Microscopic preparations were mounted in water, 3% potassium hydroxide (KOH) or lactic acid (LA). Stereomicroscopy illustrations and measurements were done with a Keyence VHX-6000 system. Light microscopy was performed with Nomarski differential interference contrast (DIC) using the Zeiss Axio Imager.A1 compound microscope, and images and data were gathered using the Zeiss Axiocam 506 colour digital camera and measured by using the Zeiss ZEN Blue Edition software. Measurements are reported as maxima and minima in parentheses and the mean plus and minus the standard deviation of a number of measurements given in parentheses.
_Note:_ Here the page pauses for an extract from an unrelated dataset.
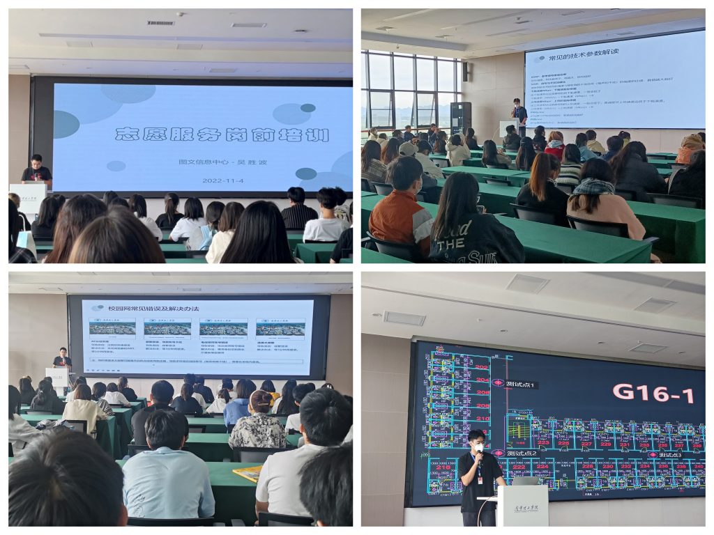为进一步优化南宁东盟校区校园网络、了解用户需求,提升用网体验。2022年11月至12月,图文信息中心先后组织开展校园网络志愿服务公益活动2次。志愿服务活动分为岗前培训、实际操作两个环节。在岗前培训阶段,由专业技术人员对网络基本参数进行解读、介绍测速方法及校园网络常见故障的解决办法,提高志愿者对于基础网络问题的识别及解决能力,同时确保测试数据的真实有效。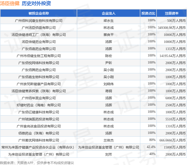 证券之星消息,根据天眼查APP显示,汤臣倍健(300146.SZ)新增一起对外投资事件,被投资公司为天津海棠同慧创业投资合伙企业(有限合伙),法定代表人,投资占比为-。该公司从事商务服务业,注册资本为41201万人民币。目前,汤臣倍健共存在对外投资37项,投资占比前20的项目见下表:

DNA extraction, PCR and sequencing

Growth of liquid culture and extraction of genomic DNA was done according to Voglmayr and Jaklitsch (2011), using the DNeasy Plant Mini Kit (QIAgen GmbH, Hilden, Germany). To confirm the identity of the culture, DNA was also extracted from stromata following the protocol of Voglmayr and Jaklitsch (2011) for herbarium specimens, but using the DNeasy Plant Mini Kit. The complete ITS region and D1 and D2 domains of 28S rDNA region (ITS-LSU) were amplified with primers V9G (de Hoog and Gerrits van den Ende 1998) and LR5 (Vilgalys and Hester 1990), a ca. 750 bp fragment of the RNA polymerase II subunit 1 (rpb1) gene with primers RPB1-Ac (Schoch et al. 2012) and RPB1Cr (Sung et al. 2007b), a ca. 1.1 kb fragment of the RNA polymerase II subunit 2 (rpb2) gene with primers fRPB2-5F and fRPB2-7cR (Liu et al. 1999) or dRPB2-5f and dRPB2-7r (Voglmayr et al. 2016) and a ca. 1.4 kb fragment of the translation elongation factor 1-α (tef1) gene with primers EF1-728F (Carbone and Kohn 1999) and EF1-2218R (Rehner and Buckley 2005). From stromatal DNA, only the ITS-LSU was amplified and sequenced. PCR was performed with a Taq polymerase, with annealing temperatures of 55 °C for ITS-LSU, tef1 and rpb2 (primer pair fRPB2-5F, fRPB2-7cR) and 51 °C for rpb1 and rpb2 (primer pair dRPB2-5f, dRPB2-7r). PCR products were purified using an enzymatic PCR cleanup (Werle et al. 1994) as described in Voglmayr and Jaklitsch (2008). DNA was cycle-sequenced using the ABI PRISM Big Dye Terminator Cycle Sequencing Ready Reaction Kit v. 3.1 (Applied Biosystems, Warrington) and the PCR primers; in addition, primers ITS4 (White et al. 1990), LR3 (Vilgalys and Hester 1990) and LR2R-A (Voglmayr et al. 2012) were used for the ITS-LSU region. Sequencing was performed on an automated DNA sequencer (ABI 3730xl Genetic Analyser, Applied Biosystems).

Phylogenetic analyses

As the LSU rDNA is the most representative marker available for many genera of Bionectriaceae, an extended LSU matrix was produced for phylogenetic analyses. For this, the sequence matrix of Jaklitsch and Voglmayr (2011a) was supplemented with selected sequences from Summerbell et al. (2011) and a few additional GenBank sequences. Only few rpb1, rpb2 and tef1 sequences of Bionectriaceae were available from GenBank to phylogenetically place Stilbocrea. For the same reason, ITS rDNA was not phylogenetically analysed. The GenBank accession numbers of sequences downloaded for phylogenetic analyses are given in Table 1 and in the phylogenetic trees (Figs. 1 and 2), following the taxon names. Generic classification of the Nectriaceae follows Lombard et al. (2015), of Stachybotryaceae Lombard et al. (2016) and of Bionectriaceae the taxonomy implemented in NCBI GenBank, with a few additions of recently published new genera.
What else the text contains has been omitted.